O Diário de Lucca: Capítulo 14 – Tá na Moda

— Oi… — disse Lucca entrando no quarto do amigo. — Como você tá, melhorou?

— Sim, eu me sinto melhor. — respondeu Arthur com uma expressão neutra.

Tinha se passado um bom tempo desde a última vez em que os dois se viram, lá quando houve o questionamento sobre Lucca ser, praticamente, o último que ficou sabendo sobre a depressão e bipolaridade que o melhor amigo estava enfrentando naquele momento.  Várias coisas haviam mudado na vida de Arthur durante esse tempo em que ficaram conversando somente pelo WhatsApp.

Muitas águas rolaram debaixo dessa ponte durante as semanas em que os dois amigos ficaram sem se ver pessoalmente, mesmo morando na mesma rua.

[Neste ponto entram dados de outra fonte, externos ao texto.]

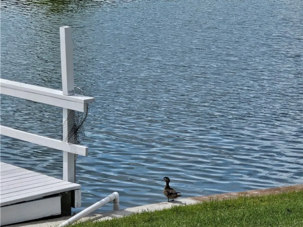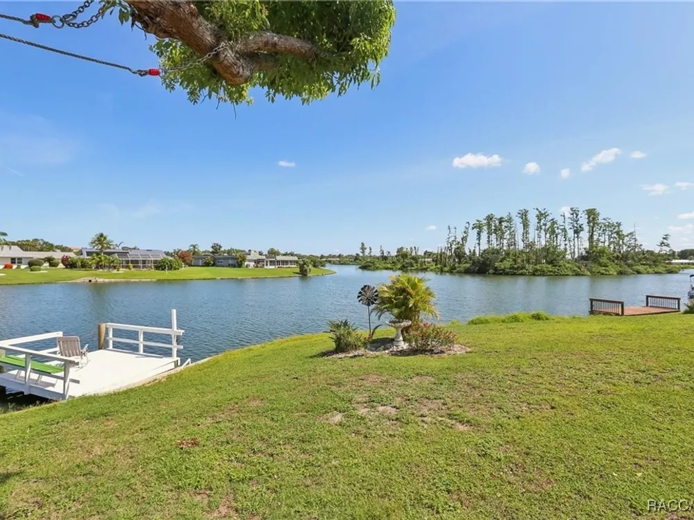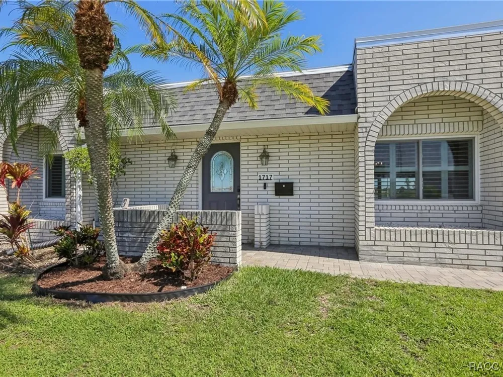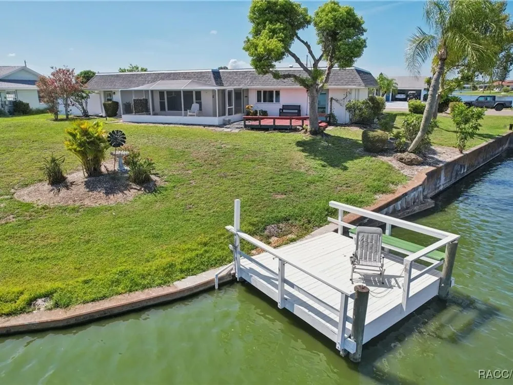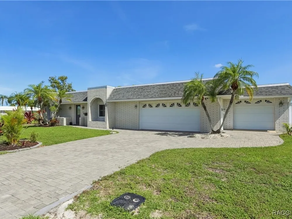 **55+ COMMUNITY** UPDATED & MOVE IN READY concrete block house on lake with nature preserve island. 2 bedroom 2 bath 3 car garage - inside AC laundry room - 1603 SF - No flood insurance required Roof 2022 AC 2020 Electric Panel 2025 Updated Windows
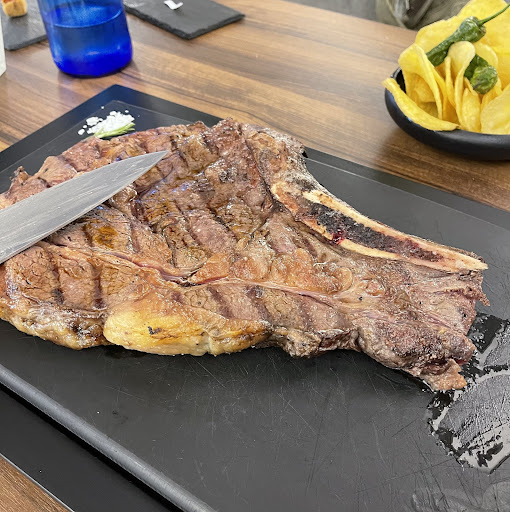 Read moreComimos unas croquetas de jamón con papada ibérica muy ricas y un chuletón de vaca madurado también muy sabroso, aunque ciertas zonas bastantes duritas, de masticarlas un minuto.

Arthur havia deixado a turma do turno da manhã e foi cursar o ensino médio em outra escola, agora estudava no período da noite e por isso passou a ver Lucca com menos frequência. Mas agora, graças aos medicamentos que estava tomando e também com suas visitas semanais com uma psicóloga, Arthur estava se sentindo muito bem e chamou Lucca para eles passarem um tempo juntos em um sábado ensolarado.

Se para Lucca as coisas estavam um pouco melhores, seus pais já sabiam de sua sexualidade (seu pai também, mas já chegamos lá) e faltava pouco para ele abrir o jogo sobre o seu relacionamento com o Dario que era a parte que lhe dava mais dor de cabeça e enjoo na barriga. Para Arthur, apesar da sua melhora os acontecimentos andavam em passos curtos, porém com a ajuda da sua psicóloga ele já conseguia visualizar os sentimentos de raiva que o fizeram explodir da última vez e também a luta interna que estava acontecendo dentro de si mesmo só que não queria revelar isso para ninguém ainda.

— Como está indo com o Dario? — perguntou Arthur enquanto jogava videogame,

Lucca estava sentado em sua cama, mexendo em seu aparelho celular.

— Estamos bem, agora que eu saí do armário para a minha mãe que sou gay e aparentemente ela me aceitou muito bem, estamos pensando em como apresenta-lo como o meu namorado…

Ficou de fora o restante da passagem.